### What you need to do
Copy out all of the data word for word. Omit every picture.

══ Provided material ══

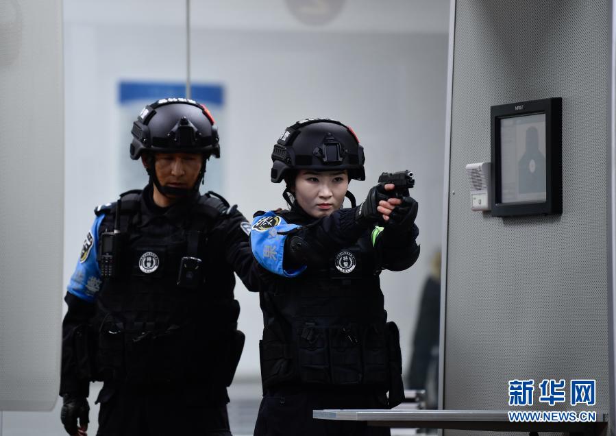 1月9日,青海省果洛藏族自治州公安局特警支队直属女子中队的队员在参加射击训练。新华社记者 张龙 摄
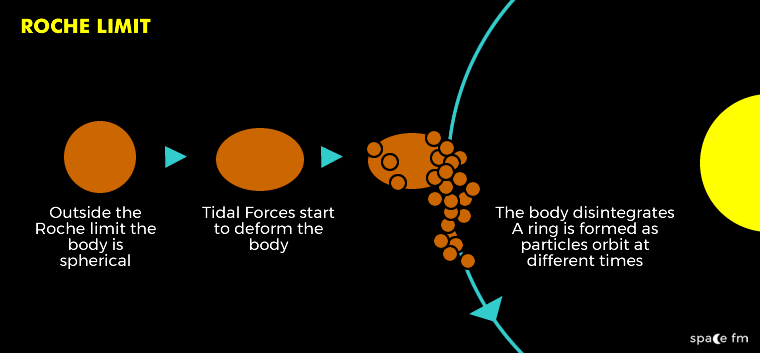 A quick reminder that the Roche limit is the distance at which a large object is so close to a planet that the planet’s tidal force pulls it apart. I talked a bit more about the Roche limit and ring formations in my previous post.
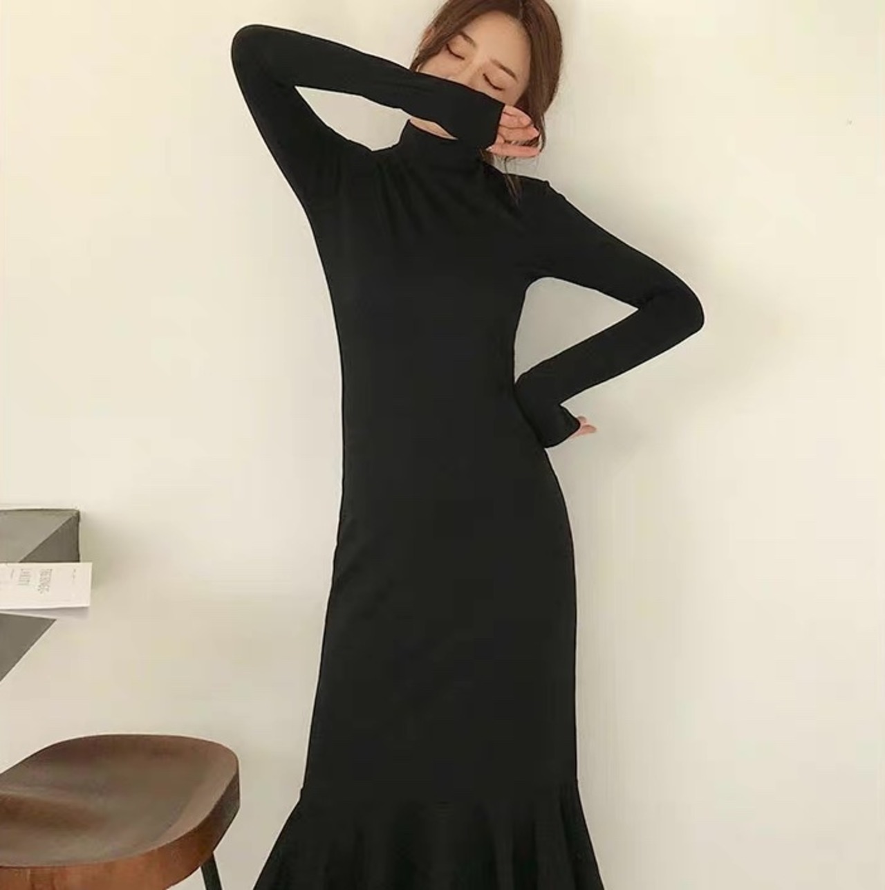 レディース ワンピース ロング 長袖 ハイネック タイト スリム マーメイド スマート フェミニン フリル かわいい 大人可愛い きれいめ シンプル 上品 おしゃれ かっこいい こなれ感 ガーリー エレガント 存在感 抜け感 ラブリー キュート ベーシック ロマンティック ナチュラル ファッショナブル 無地 デート お出かけ イベント 休日 カフェ モノトーン 楽ちん 美脚 脚長 普段使い 着回し トレンド 流行 インスタ映え 定番 XS S M L XL 2XL 小さいサイズ 大きいサイズ 黒 ブラック

═══

### Response to this task
 1月9日,青海省果洛藏族自治州公安局特警支队直属女子中队的队员在参加射击训练。新华社记者 张龙 摄
 A quick reminder that the Roche limit is the distance at which a large object is so close to a planet that the planet’s tidal force pulls it apart. I talked a bit more about the Roche limit and ring formations in my previous post.
 レディース ワンピース ロング 長袖 ハイネック タイト スリム マーメイド スマート フェミニン フリル かわいい 大人可愛い きれいめ シンプル 上品 おしゃれ かっこいい こなれ感 ガーリー エレガント 存在感 抜け感 ラブリー キュート ベーシック ロマンティック ナチュラル ファッショナブル 無地 デート お出かけ イベント 休日 カフェ モノトーン 楽ちん 美脚 脚長 普段使い 着回し トレンド 流行 インスタ映え 定番 XS S M L XL 2XL 小さいサイズ 大きいサイズ 黒 ブラック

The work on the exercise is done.